Each commercial visualization ships in two complete locales:
HTML/zh/graphs/<graph-id>.html
HTML/en/graphs/<graph-id>.html
Personal graphs are generated only inside the private local build.
1. Concept relation graph
Question answered: “How do reusable templates relate?”
- Nodes: foundations, leaf templates, and composite patterns.
- Edges:
specializes,prerequisite,alternative,dual,
combines_with.
- Interaction: select a concept to isolate its one-hop neighborhood and inspect
the reason for each typed edge.
- Scope: commercial.
- Scale rule: show every concept, but only reviewed relations.
2. Problem similarity graph
Question answered: “Which problems train the same invariant, and what is the smallest useful next step?”
- Nodes: externally referenced practice problems.
- Edges: same core invariant, same recipe, variant, prerequisite, contrast, or
same objective with a different engine.
- Similarity is sparse: top 3–5 neighbors per problem, with degree caps and
mutual-kNN preference.
- Navigation uses an offline typeahead rather than a full-catalog selector.

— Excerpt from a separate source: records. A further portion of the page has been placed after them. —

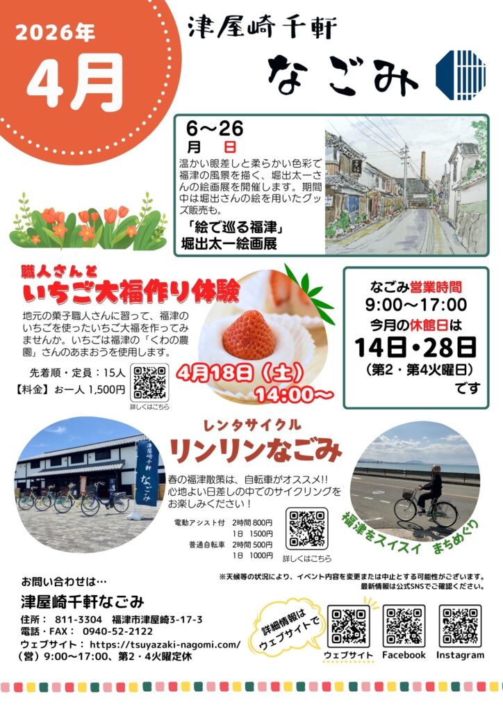 温かい眼差しと柔らかい色彩で福津の風景を描く、堀出太一さんの絵画展、「職人さんといちご大福作り体験」、レンタサイクルの情報などを紹介しています。
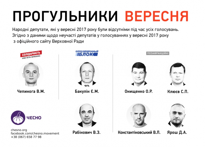 Общественное движение "Чесно" инициировало кампанию по ежемесячному обнародованию списка нардепов-прогульщиков. Цель кампании – привлечь внимание к одной из самых больших проблем работы Верховной Рады – низкой посещаемости заседаний народными депутатами и их неучастию в голосовании.
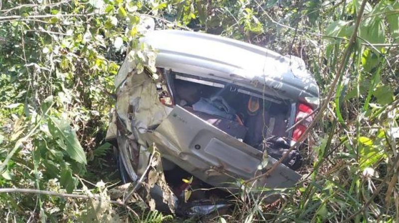 Veículo bateu no meio-fio, e caiu numa ribanceira à margem da rodovia que liga Alta Floresta a Cuiabá
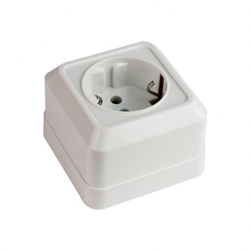 Розетка белая накладная одинарная с заземлением предназначена для внутренних сетей переменного тока, напряжением до 250В. Контактная группа – латунь. Количество вводов в гнезде: 2.
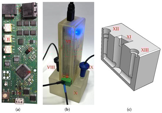 (a) PCB of the PIA, (b) the measurement setup for the application with ISFETs without opaque box and (c) the 3D cross-sectional model of measuring chamber. I: Connectors for ISFETs, RE and CE; II: Switches for changing between two-electrode (CE, WE) or three-electrode setup (CE, RE, WE); III: AD5940; IV: microcontroller (STM32L4): V: USB port for power and communication with a PC; VI: PIA with casing; VII: Connection for the external RE and CE VIII: CE; IX: RE; X: Measuring chamber filled with pH solution; XI: Opening for the ISFET chip; XII: Opening for RE; XIII: Opening for CE.
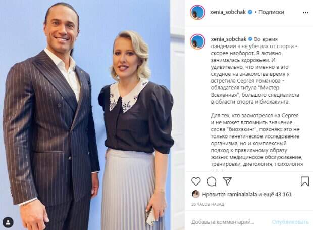Как стало известно из поста звезды, Романов займется самым ценным – ее здоровьем. Вместе со спортсменом они разработают график питания, тренировок и обследований. «Во время пандемии я не убегала от спорта — скорее наоборот. Я активно занималась и работала над своей физической формой. И удивительно, что именно в это скудное на знакомства время я встретила Сергея Романова», - рассказала Собчак. По словам телеведущей, красавчик-спортсмен испробует на ней различные программы по улучшению здоровья. Судя по всему, муж звезды, режиссер Константин Богомолов остался не у дел, ведь не присоединиться к жене в ее занятиях по улучшению тела. Вместо него с ней будет работать один из красивейших мужчин мира. Отметим, что Сергей Романов известен не только как спортсмен и обладатель титула, он также занимается бизнесом, снимается в кино и выступает на различных чемпионатах. Напомним, что с Собчак случилась беда, ее срочно прооперировали: что произошло, первые подробности. Как сообщала Politeka, Богомолов без ума даже от пьяной Собчак, интимные кадры: "А за рулем Ефремов?". Также Politeka писала, что Собчак с переломанным носом настигла новая беда, в сети появились кадры: "Здоровенные бугаи толкнули так. ..".
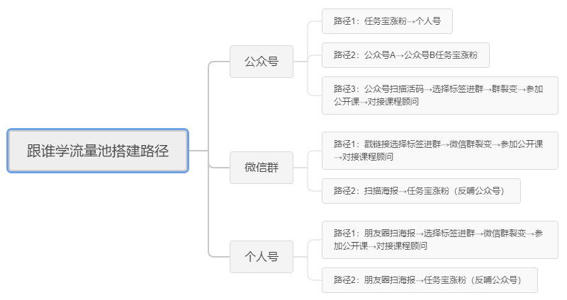 引流活動是跟誰學(xué)整個流量池搭建的發(fā)動機,有吸引力的活動配合有效的活動流程和系統(tǒng)工具最終才有跟誰學(xué)現(xiàn)在上千萬級的流量池,包括在微信紅利期起來的公眾號矩陣、微信群矩陣、個人號。 他們現(xiàn)在整套的運營策略是這樣的:利用現(xiàn)有的存量找增量,比如策劃有吸引力的活動投放到公眾號矩陣、社群矩陣、個人號朋友圈存量池子中做裂變增粉,通過高頻次、有吸引力的活動推動他們不斷擴大自己的私域流量池子,然后通過高品質(zhì)、高頻次的免費公開課吸引精準(zhǔn)流量,最后引導(dǎo)購買正價課程。 圖1-私域流量池搭建路徑
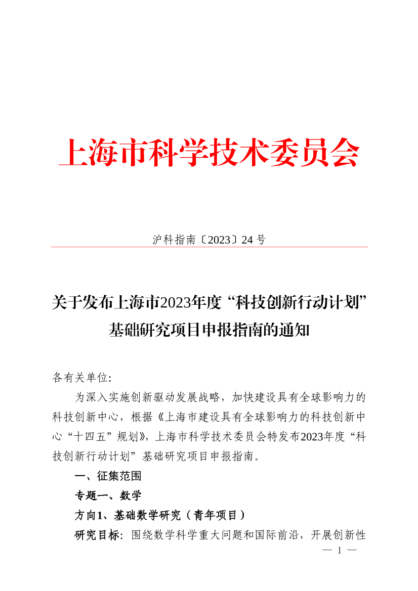 为深入实施创新驱动发展战略,加快建设具有全球影响力的科技创新中心,根据《上海市建设具有全球影响力的科技创新中心“十四五”规划》,上海市科学技术委员会特发布2023年度“科技创新行动计划”基础研究项目申报指南。

Search can be scoped to all results, problems, or templates and ranks exact IDs before title, tag, template/family, and fuzzy matches. At most 10 result options are rendered, while URL state restores the selected ego graph.
- Scope: private personal by default. A commercial version is disabled until
every source/problem mapping has documented commercial permission.
3. Prerequisite learning roadmap
Question answered: “What should I learn before this, and what does it unlock?”
- Nodes: concepts/templates.
- Directed edges:
prerequisite_ofonly. - Layers: foundations → reusable engines → composite recipes → advanced
variants.
- Interaction: choose a destination template to highlight the shortest study
path and missing prerequisites.
- Scope: commercial.
4. Algorithm-selection decision graph
Question answered: “Given a new prompt, which questions should I ask before choosing an algorithm?”
- The entry gate asks whether explicit or implicit graph adjacency is natural and
whether the goal is reachability/connectivity, dependency order, or path optimization; merely being able to name “states” is not enough.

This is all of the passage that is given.